Jeff Wall 'Insomnia' 1994
Even in the title of Wall's image 'Insomnia' there is an aspect of narrative, as it tells the viewer that the subject within the piece is perhaps suffering from insomnia, hence why he is lying under the kitchen table not knowing what to do with him self, with kitchen scene guiding us in the understanding of the subjects movements of this restless man in the lead up to the final capture of the image. The kitchen in correlation with the man suggests that this is his life style in his restless insomniac state, due to the lack of homeliness in his surroundings.


Philip-Lorca diCorcia 'Eddie Anderson; 21 years old; Houston, TX; $20' 1990-92


Even in 'Eddie Anderson; 21 years old; Houston, TX; $20' (from the series Hollywood) there is a sense of narrative within the title but not in the same way as Wall's image does.

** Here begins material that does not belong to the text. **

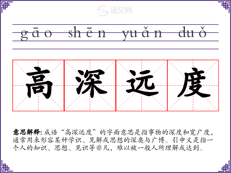 成语“高深远度”的字面意思是指事物的深度和宽广度,通常用来形容某种学识、见解或思想的深奥与广博。引申义是指一个人的知识、思想、见识等非凡,难以被一般人所理解或达到。

As with this piece by diCorcia, he gives us the model's name and age plus where the man in question is from, which starts to give us an indication in to who the person is not just as a model but as a person. The title also indicates the sum of $20 which is how much diCorcia paid the young man to model in this image for him, which also suggests that the young man is probably having financial issues due to the measly amount paid to have his photograph taken (especially seeing as he is in Hollywood) and the fact that he is topless gives us the impression that there is an underlying message of the sex industry as he has been paid for the photographic use of his body.
   There are many different approaches to the works which have been shown in this particular chapter of Cotton's book, some have been based on stories, as I have previously mentioned along with reference to paintings such like the work of Sam Taylor-Wood with 'Soliquy' which was based on 'The death of Chatterton' by Victorian painter Henry Wallis. along with Tom Hunter's series 'Thoughts of Life and Death' which shows the contemporary reworkings of the Pre-Raphaelite Brotherhood.
   Overall this an excellent chapter to read especially if you want to gain a better understanding of the terms 'narrative' and 'tableau', and is both challenging and overall it engages you with a refreshing and revelatory dicussion in to the photographic artist expression.

Saturday 11 February 2012

To New Beginnings

    This is the start of a new chapter, and I have been asked to create a blog for my Visual Exploration unit  (part of my University Degree). It shall consist of all things art and photography, things that i find visually interesting, meaningful, and inspiring.
   So here it goes... I hope you enjoy reading my thoughts and opinions.